Memorable scary audience reaction during "Leopoldstadt" last year about legacy and being remembered
Last Edit: PlayWiz 05:11 pm EST 02/20/24
Posted by: PlayWiz 05:02 pm EST 02/20/24

Last year, on Broadway I saw Tom Stoppard’s play “Leopoldstadt” which is about the effect the Holocaust had on a big Jewish family in Vienna. Besides the building climax of the piece where the inevitable tragedies are going to occur over time, one moment struck me as I sat in the audience. At one point, someone mentions that all the photographs in the family collection will at some point in the future be forgotten by future generations who will have no idea who these people were. A woman’s high voice in the audience screamed/yelled in horror briefly when that line was said; she certainly “got it” right there and then about obscurity and who will be remembered/forgotten in the future. Her real-life epiphany was almost as scary and sad as what later was transpiring in the play.
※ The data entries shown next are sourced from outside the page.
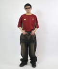 ・フットボールジャージをもとにパイピングをとクルーネックで都会的な印象。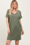 Light Olive Brushed Rolled Short Sleeve V-Neck Maternity Dress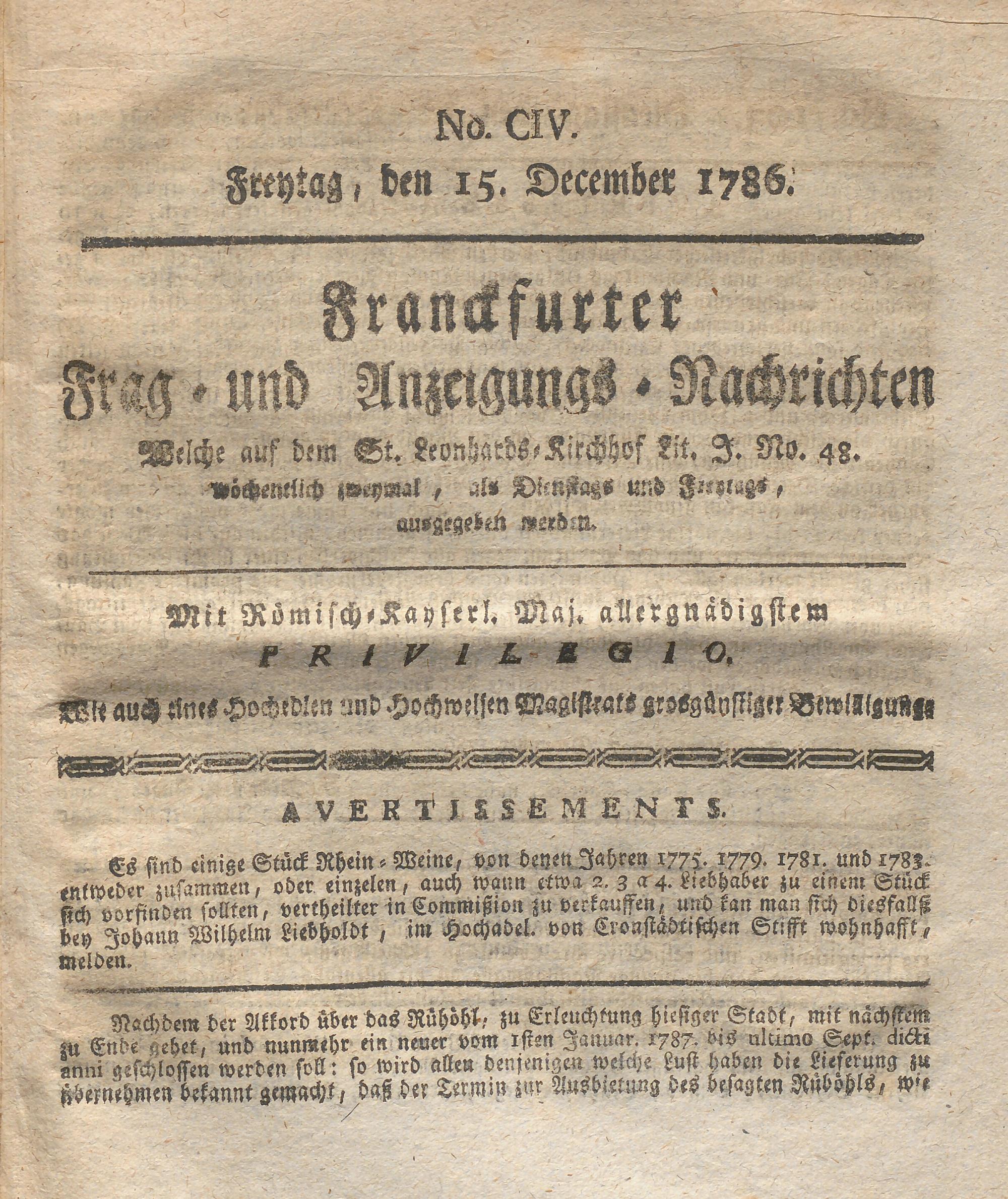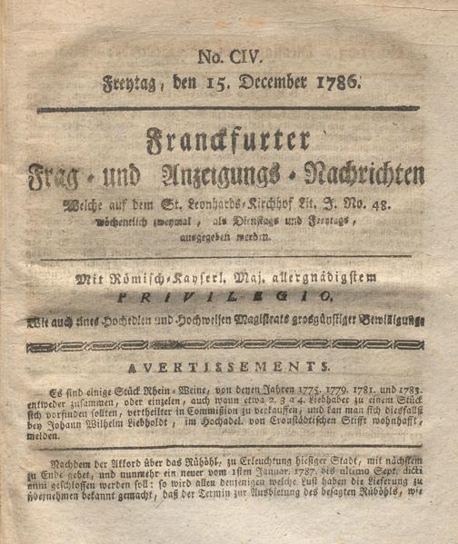 Franckfurter Frag- und Anzeige-Nachricht...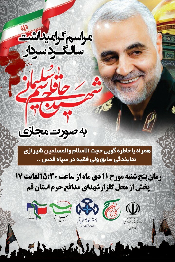 ویژه برنامه دهه بصیرت و سالگرد شهادت سپهبد حاج قاسم سلیمانی به صورت مجازی از گلزار شهدای مدافع حرم استان به همت دانشگاه صنعتی قم برگزار می گردد.

I posted the above as part of a longish response on a financial site where the author/webmaster, very well-known for having written the personal finance column for "The Wall Street Journal" for years had written a piece about leaving behind legacies and how even very famous people of the past are now forgotten. I mentioned in my full reply that people as once famous as Kay Francis, Deanna Durbin and even Judy Garland (known today by kids watching the annual showings of "The Wizard of Oz" more by the name "Dorothy") are mostly known by film buffs and have faded from their former huge public consciousness, kept alive by TCM and classic movie admirers. His reply to me: "Thanks for the thoughtful comment. As I said in the article, there are so many once-famous folks who have disappeared from public consciousness. That should be sobering for anybody today who thinks they’re a big success — or for those who imagine they’ve failed."